Every line of the records below from the line with "Konstruksjon av trebro." up to and including the line with "理科第一名来自省实,688分" must be reproduced exactly, and no line outside that range.

Start of Provided data

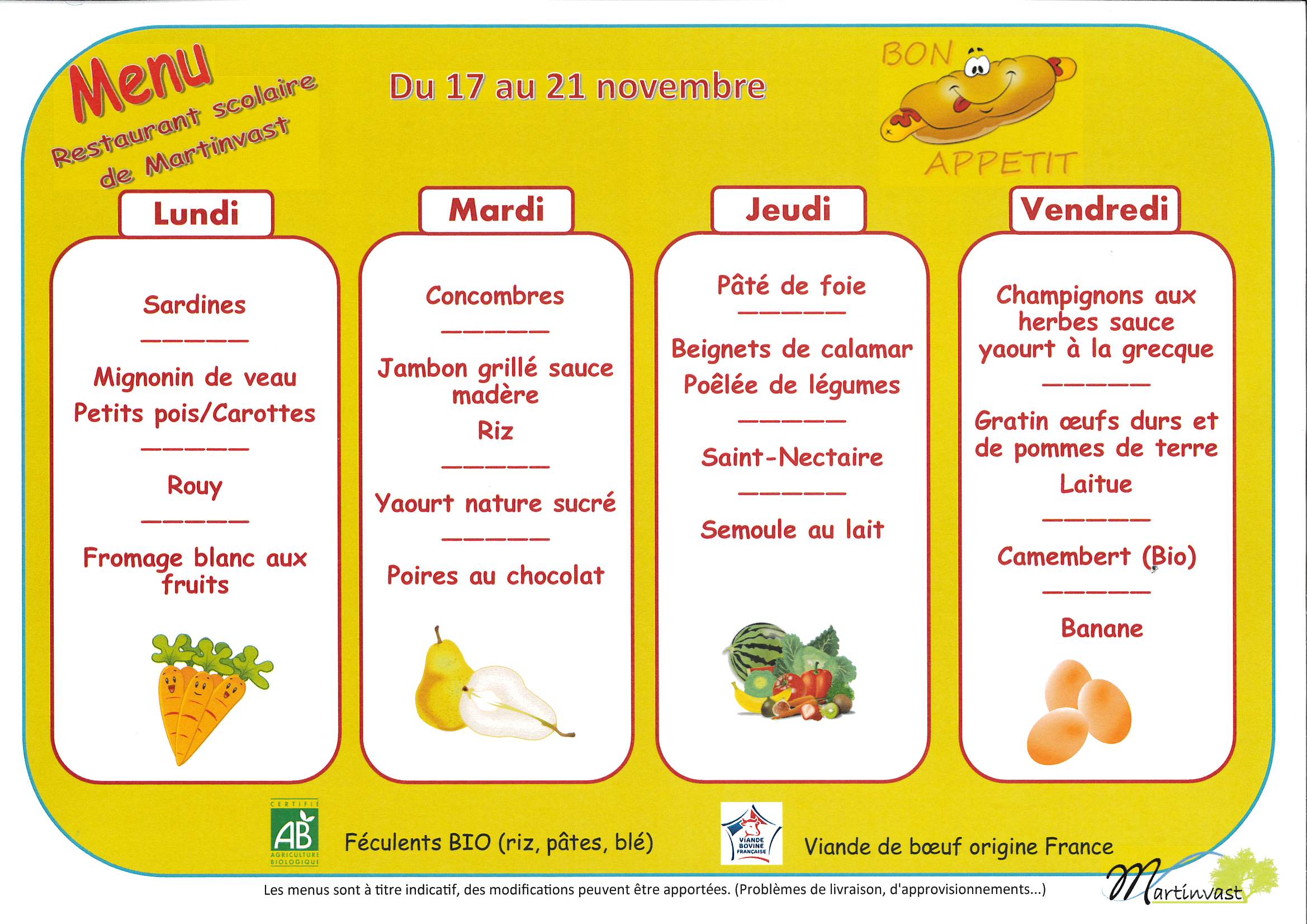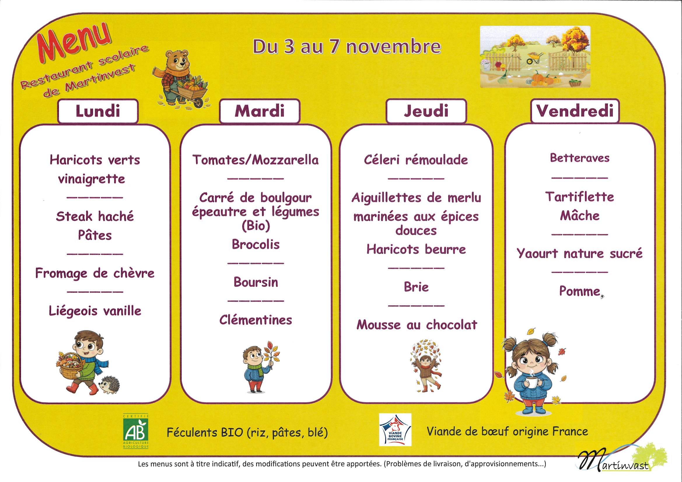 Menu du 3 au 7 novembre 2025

End of Provided data
Start of Provided data

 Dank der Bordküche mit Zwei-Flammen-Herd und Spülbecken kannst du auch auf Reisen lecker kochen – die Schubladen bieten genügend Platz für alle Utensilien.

End of Provided data
Start of Provided data

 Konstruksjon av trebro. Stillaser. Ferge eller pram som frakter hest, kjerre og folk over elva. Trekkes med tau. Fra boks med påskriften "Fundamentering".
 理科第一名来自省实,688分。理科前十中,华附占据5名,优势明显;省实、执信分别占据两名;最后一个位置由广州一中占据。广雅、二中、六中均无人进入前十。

End of Provided data

Finished task:
 Konstruksjon av trebro. Stillaser. Ferge eller pram som frakter hest, kjerre og folk over elva. Trekkes med tau. Fra boks med påskriften "Fundamentering".
 理科第一名来自省实,688分。理科前十中,华附占据5名,优势明显;省实、执信分别占据两名;最后一个位置由广州一中占据。广雅、二中、六中均无人进入前十。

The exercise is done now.